The values we get as output from our model don’t necessarily make sense by themselves. Let’s take a look:

In [None]:
print(outputs.logits)

tensor([[-1.5607,  1.6123],
        [ 4.1692, -3.3464]], grad_fn=<AddmmBackward0>)


Our model predicted [-1.5607, 1.6123] for the first sentence and [ 4.1692, -3.3464] for the second one. Those are not probabilities but logits, the raw, unnormalized scores outputted by the last layer of the model. To be converted to probabilities, they need to go through a SoftMax layer (all 🤗 Transformers models output the logits, as the loss function for training will generally fuse the last activation function, such as SoftMax, with the actual loss function, such as cross entropy):

In [None]:
import torch

predictions = torch.nn.functional.softmax(outputs.logits, dim=-1)
print(predictions)

tensor([[4.0195e-02, 9.5980e-01],
        [9.9946e-01, 5.4418e-04]], grad_fn=<SoftmaxBackward0>)


In [None]:
model.config.id2label

{0: 'NEGATIVE', 1: 'POSITIVE'}

Now we can conclude that the model predicted the following:

First sentence: NEGATIVE: 0.0402, POSITIVE: 0.9598
Second sentence: NEGATIVE: 0.9995, POSITIVE: 0.0005
We have successfully reproduced the three steps of the pipeline: preprocessing with tokenizers, passing the inputs through the model, and postprocessing!

## **Models**

In this section, we'll delve deeper into the process of creating and utilizing a model. We'll be making use of the AutoModel class, which is quite convenient when you need to create an instance of any model from a checkpoint.

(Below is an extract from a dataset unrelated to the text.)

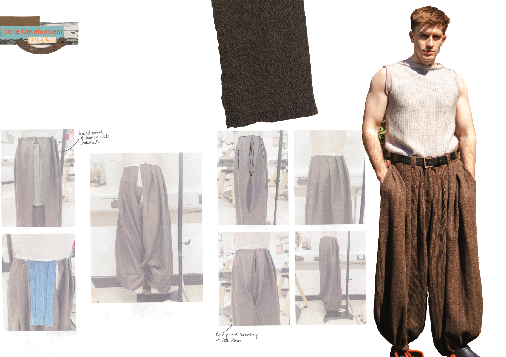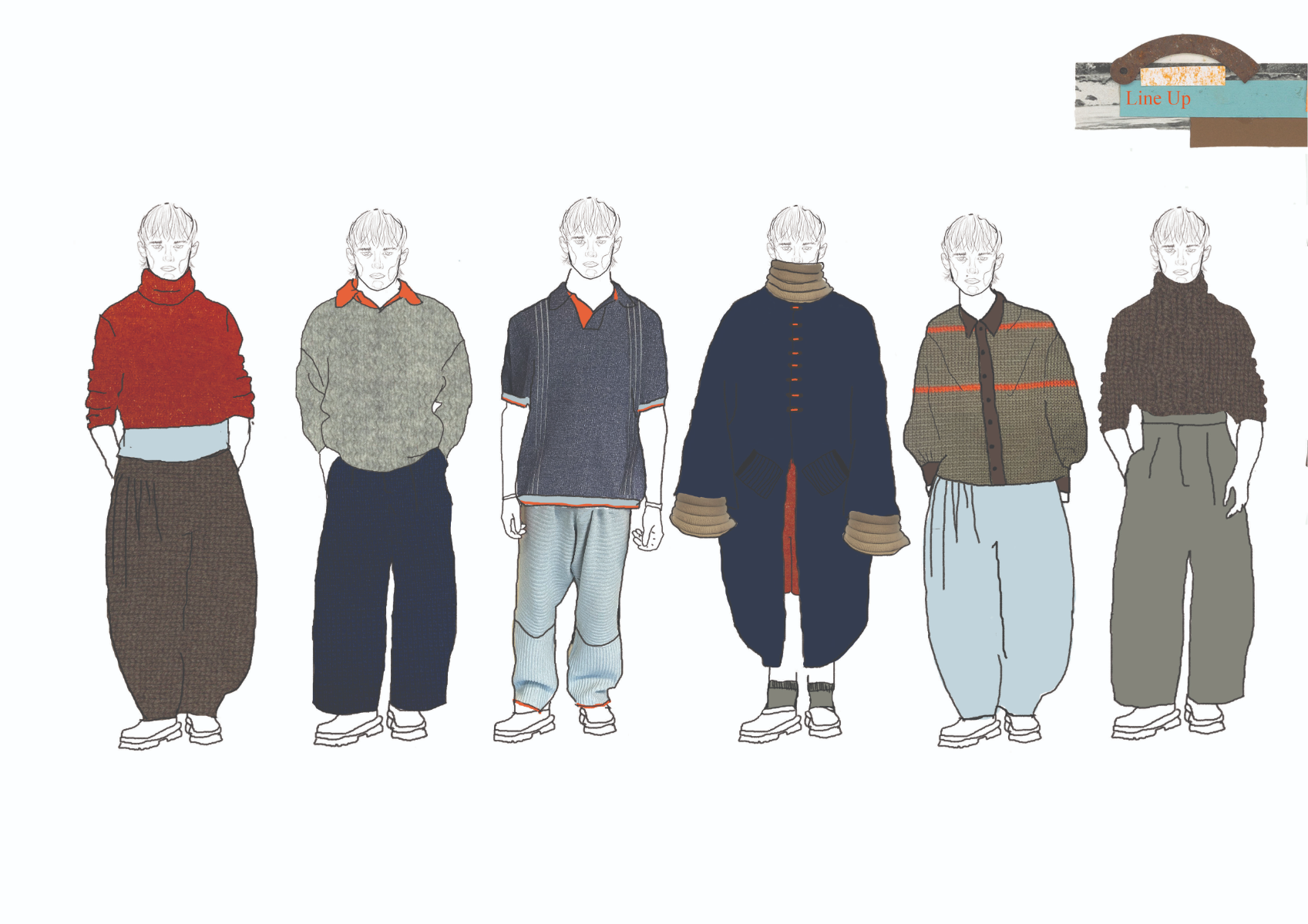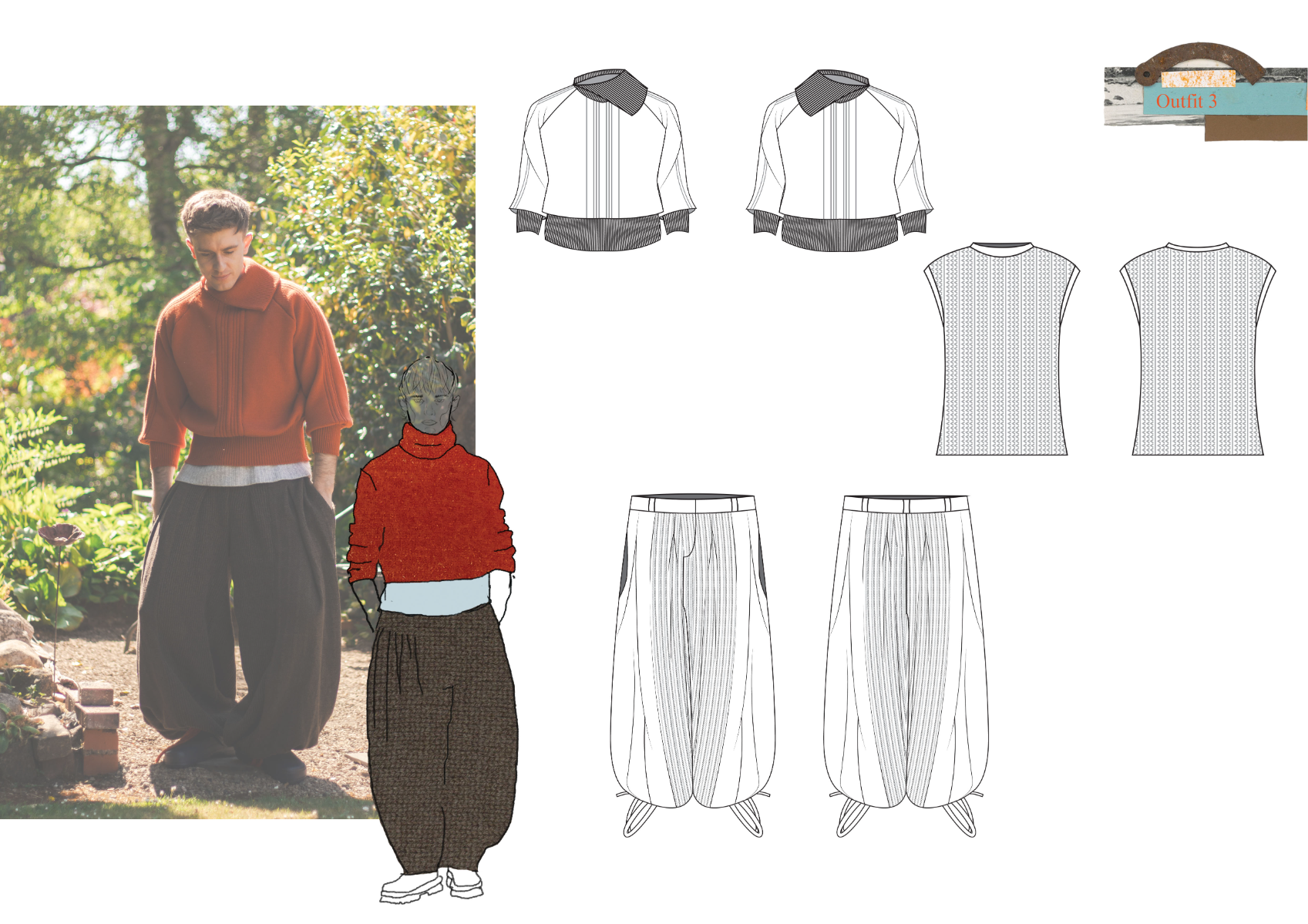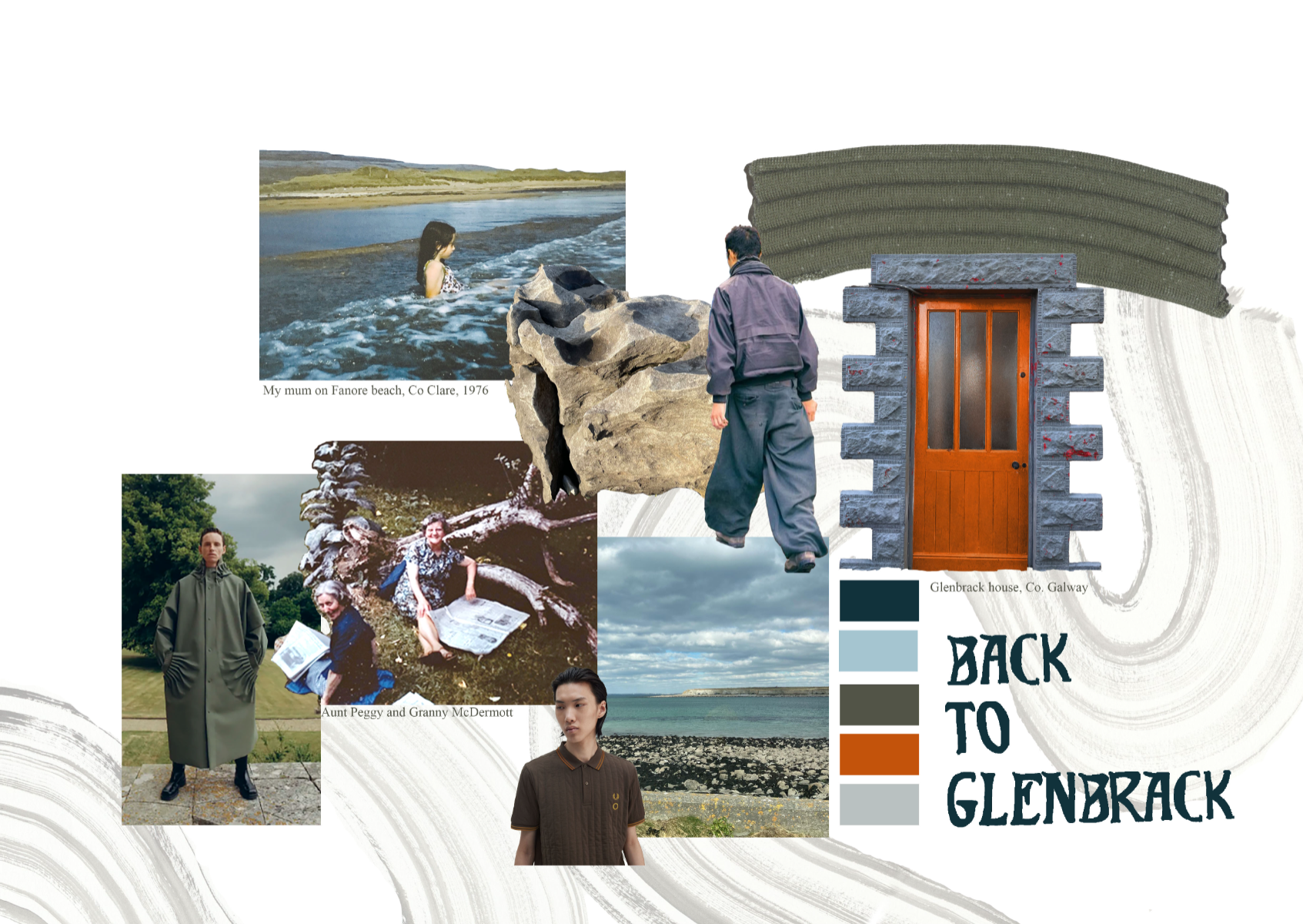 ‘Back to Glenbrack' is a menswear collection inspired by my family heritage. Glenbrack is my grandfathers birthplace in Co. Galway on the west coast of Ireland. I have fond memories of Ireland through my grandfathers storytelling and visits as a young child. In this collection, I explored traditional workwear silhouettes whilst aiming to create a comforting collection through use of natural fibres and subtle textures. I have taken inspiration from old family photos and the natural landscape to inform colour and fabric choices. The beginning of the concept started with a quote by W.B Yeats 'And may these characters remain when all is ruin once again' this is carved outside Thoor Ballylee Tower which my great great grandfather restored. This quote encourages me to think about the importance of preserving craftsmanship and how design can be used as a tool in remembering someone we have lost.

The AutoModel class, along with its related classes, serves as a straightforward wrapper for the diverse array of models available in the library. It's a clever wrapper because it can automatically deduce the appropriate model architecture for your checkpoint and then instantiate a model with that specific architecture.

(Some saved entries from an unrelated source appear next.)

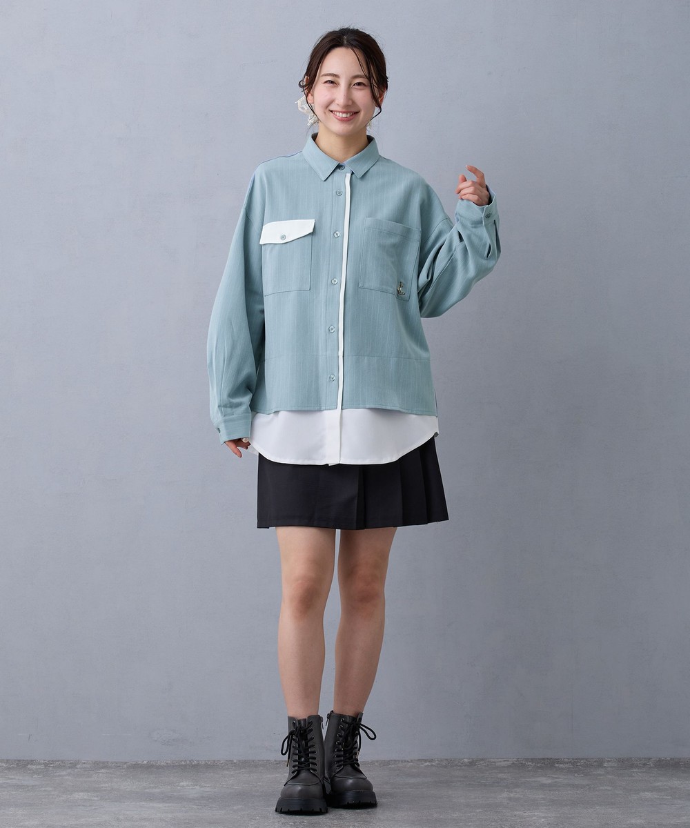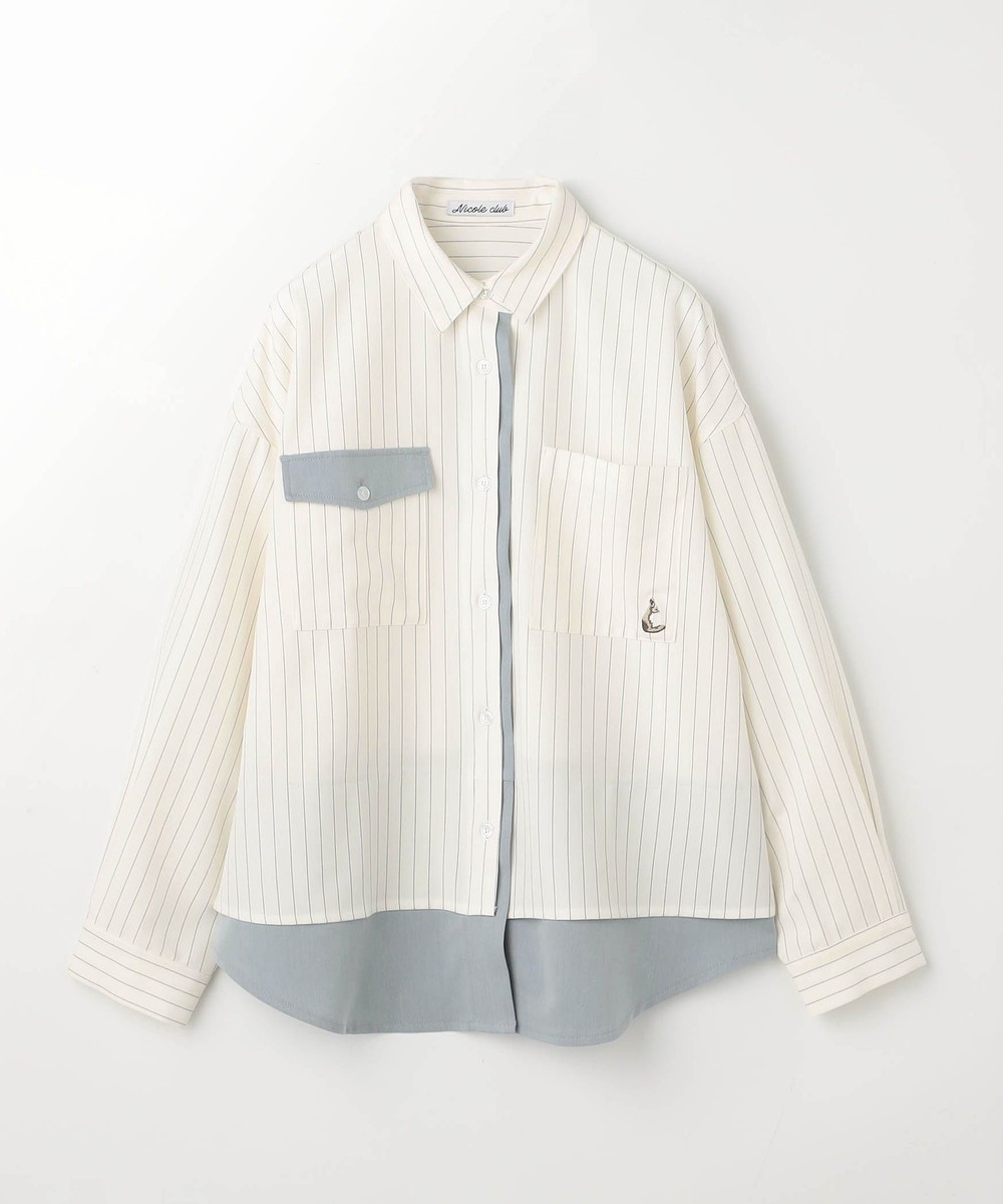 レイヤード風のデザイン+配色が目を惹くシャツ。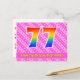 Carte Postale 77e Anniversaire : Rayures roses & Cœurs, Arc-en-c
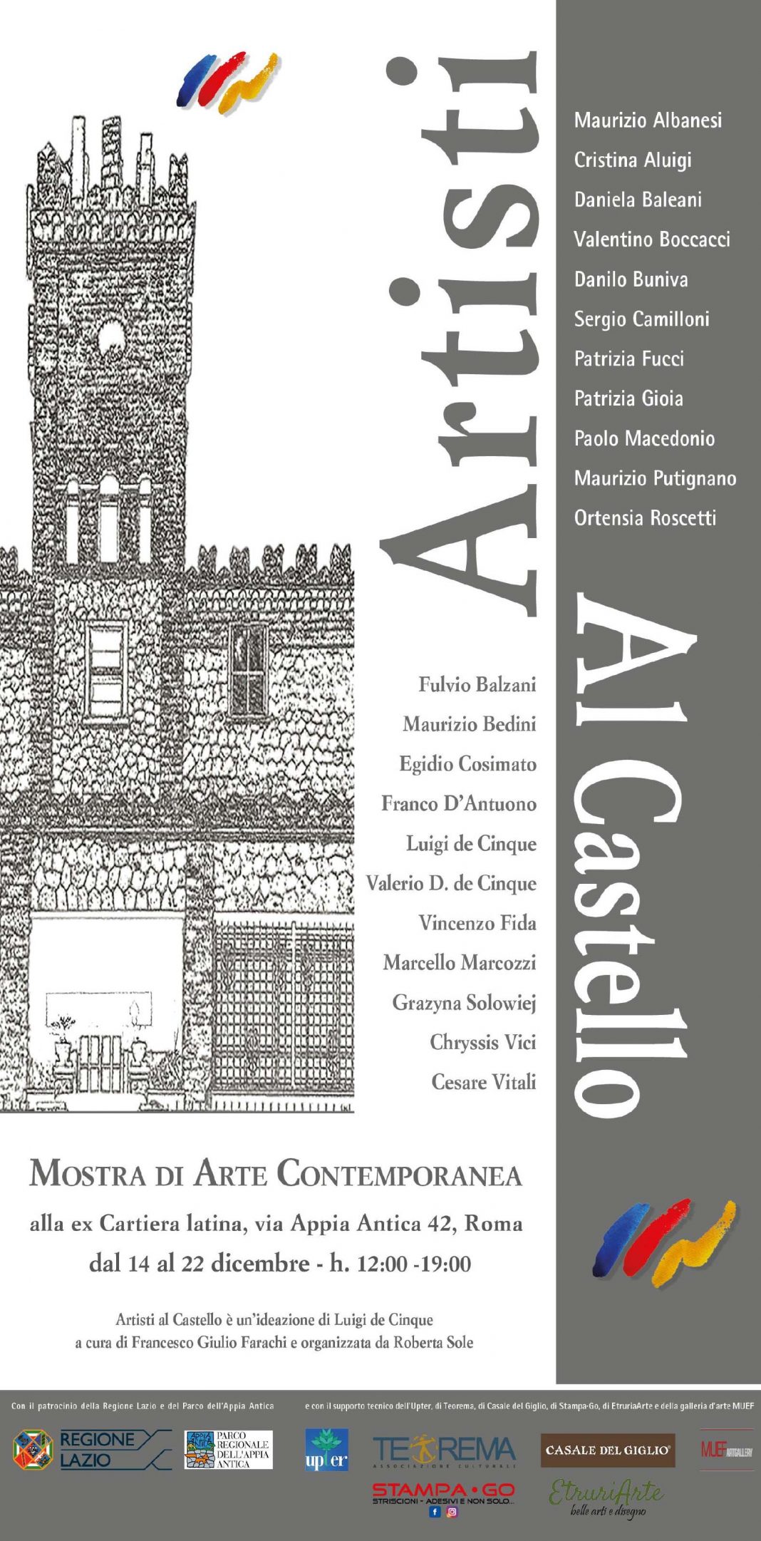 Sabato 14 dicembre p.v., alle ore 17.00, si inaugura presso la “sala Nagasawa” nell’ex-Cartiera Latina la mostra “Artisti al Castello”. L’esposizione, nata da un’idea di Luigi de Cinque, è curata da Francesco Giulio Farachi ed è messa in opera grazie alla collaborazione dell’UPTER – Università Popolare di Roma; vanta inoltre il patrocinio della Regione Lazio e del Parco Regionale dell’Appia Antica e il supporto dell’Associazione Culturale “Teorema”.

However, if you happen to know the exact model type you wish to use, you can opt to use the class that explicitly defines its architecture. Let's explore this further with a BERT model as an example.

### Creating a Transformer

The first thing we’ll need to do to initialize a BERT model is load a configuration object:

In [None]:
from transformers import BertConfig, BertModel

# Building the config
config = BertConfig()

# Building the model from the config
model = BertModel(config)

The configuration contains many attributes that are used to build the model:

In [None]:
print(config)

BertConfig {
  "attention_probs_dropout_prob": 0.1,
  "classifier_dropout": null,
  "hidden_act": "gelu",
  "hidden_dropout_prob": 0.1,
  "hidden_size": 768,
  "initializer_range": 0.02,
  "intermediate_size": 3072,
  "layer_norm_eps": 1e-12,
  "max_position_embeddings": 512,
  "model_type": "bert",
  "num_attention_heads": 12,
  "num_hidden_layers": 12,
  "pad_token_id": 0,
  "position_embedding_type": "absolute",
  "transformers_version": "4.34.1",
  "type_vocab_size": 2,
  "use_cache": true,
  "vocab_size": 30522
}



Although we haven't explored the specific functionality of all these attributes in detail yet, you might already be familiar with some of them. For instance, the `hidden_size` attribute specifies the dimension of the `hidden_states` vector, and `num_hidden_layers` defines the number of layers present in the Transformer model. These are crucial architectural parameters that significantly influence the model's behavior and capacity. As you continue to work with Transformers, you'll gain a deeper understanding of how these attributes impact the model's performance and behavior.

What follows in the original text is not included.